- From: James Graham <jg307@cam.ac.uk>
- Date: Fri, 04 Jul 2008 14:34:32 +0100
- To: Jamie Lokier <jamie@shareable.org>
- CC: public-html@w3.org
Jamie Lokier wrote: > Last time I saw some of the HTML parsing differences, I read the HTML5 > comments where folk were devising new, robust parsing algorithms that > would produce a DOM from tag soup, but seemingly based on choosing a > neat algorithm to get a sensible result. That put me off writing up > and contributing my observations, as I figured that meant HTML5's plan > wasn't specifically to model browser compatibility behaviour in the > syntax department. I didn't have the energy to push that, study the > differences, write it up, if it wasn't on the agenda anyway. I think you have been misled; the parsing algorithm has been closely modeled in existing browser behavior. It is true that it has not slavishly copied every detail of every browser; for example the HTML5 algorithm always produces a tree-like DOM whilst IE does not. However in the circumstances where IE produces non-tree-like DOMs other leading browsers do saner things; the non-tree-likeness is not required for web-compat. This allows HTML5 to base this part of the parsing spec on one of the other browsers (in particular the HTML5 spec is rather webkit-like in this area). Similarly the spec does not copy the Firefox 2 behavior when encountering unknown elements (Firefox 2 makes all unknown elements behave like inline elements; this is incompatible with ever introducing new block level elements; Firefox 3 has changed the behavior here). On the other hand, where all 4 major browsers agree on a parsing behavior, it is taken as a sign that this behavior is needed for web compatibility and so HTML5 has adopted the behavior. If there are any cases where the algorithm is incompatible with reality, the algorithm will be changed (inevitably this will happen as browsers start to implement more of the HTML5 algorithm).
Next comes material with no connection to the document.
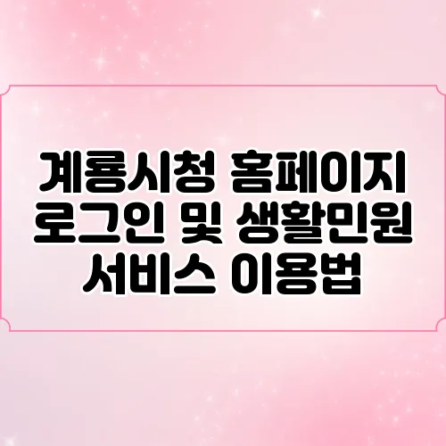 안녕하세요! 오늘은 계룡시청 홈페이지 로그인 방법과 생활민원 서비스의 이용법에 대해 알아보겠습니다. 계룡시민으로서 필요한 정보를 쉽게 접할 수 있는 기회를 제공하고자 하니, 부디 편안한 마음으로 함께 해주세요. 계룡시청의 다양한 서비스를 활용하는 방법을 소개하겠습니다.

For a comparison between the behavior of existing browsers and the behavior of the HTML5 algorithm, you might find some of the following useful: Live DOM viewer[1] (displays the DOM created by the current browser given some HTML source) html5lib parse tree viewer[2] and validator.nu parse tree viewer[3] show the HTML5 behavior (modulo bugs) given HTML source [1] http://software.hixie.ch/utilities/js/live-dom-viewer/ [2] http://james.html5.org/parsetree.html [3] http://parsetree.validator.nu/ -- "Mixed up signals Bullet train People snuffed out in the brutal rain" --Conner Oberst
Received on Friday, 4 July 2008 13:35:13 UTC